By definition, a phoneme is a consonant if air flow is restricted in some way. The format for Articulatory Analysis of consonants involves three main things: passive place of articulation, manner of articulation, and active place of articulation. The place of articulation(both passive and active) refers to which articulator(s) are being used. Most, but not all consonants have both a passive place and an active place.

Passive Place of Articulation:

The passive place of articulation is the articulator that does not move. Teeth, the uvula, the epiglottis, the alveolar ridge, and the radical are just a few of the articulators that will always be passive. They cannot change their position. Articulators that can change position can be either passive or active. The lips are a good example of a mobile articulator that is often passive. Sometimes one is passive while the other is active.
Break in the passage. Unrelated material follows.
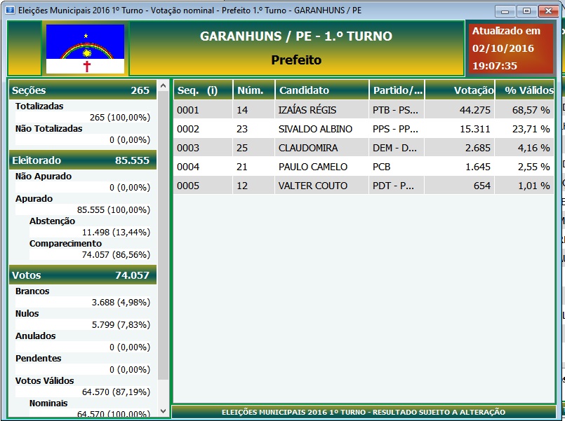 Régis (PTB) foi reeleito Prefeito de Garanhuns. Ele obteve 44.275 votos e vai
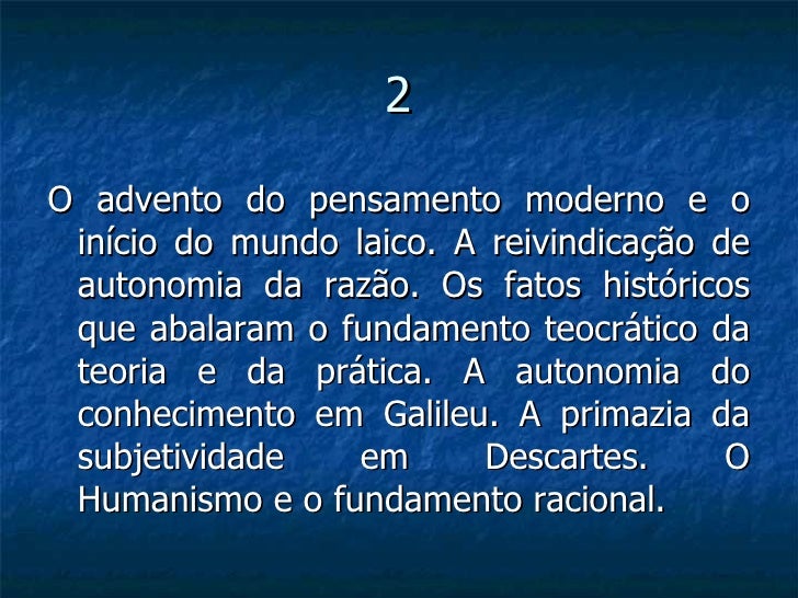 13. 13. 2 <ul><li>O advento do pensamento moderno e o início do mundo laico. A reivindicação de autonomia da razão. Os fatos históricos que abalaram o fundamento teocrático da teoria e da prática. A autonomia do conhecimento em Galileu. A primazia da subjetividade em Descartes. O Humanismo e o fundamento racional. </li></ul>

The weird thing about the passive place of articulation is that it isn’t always literally stationary. Meaning that depending on the sound and how it is being pronounced in this particular instant, sometimes the passive place of articulation has to move. The best example I know of for this, is a sound produced in the Punjabi language where the speaker must curl the tip of the tongue to touch the sub-apical to the upper labial(lip). The sub-apical is the active place of articulation and the upper-labial is considered passive; however, in order to make the contact, the user must purse the upper lip, pulling it down and around the upper teeth. The upper lip moves even though it is passive.

Active Place of Articulation

As you probably know or guessed, the active place of articulation is the articulator that moves to make some sort of contact with the passive place. There are no articulators that are always active. Usually, if one simply describing a phoneme the traditional way, the active place of articulation is omitted. For instance, one might talk about a “sonorant alveolar fricative”. That’s all fine and dandy, except that I can think of five different phonemes off the top of my head that could fit that description. However, if you called it a “sonorant apical to alveolar fricative” then we have narrowed it down quite a bit.

Despite the fact that the active place is often omitted in description, there are some phonemes that only have an active place but no passive place. The sonorant epiglottal trill as found in the Semitic languages is one of these. In short, the active place of articulation is very important in linguistics.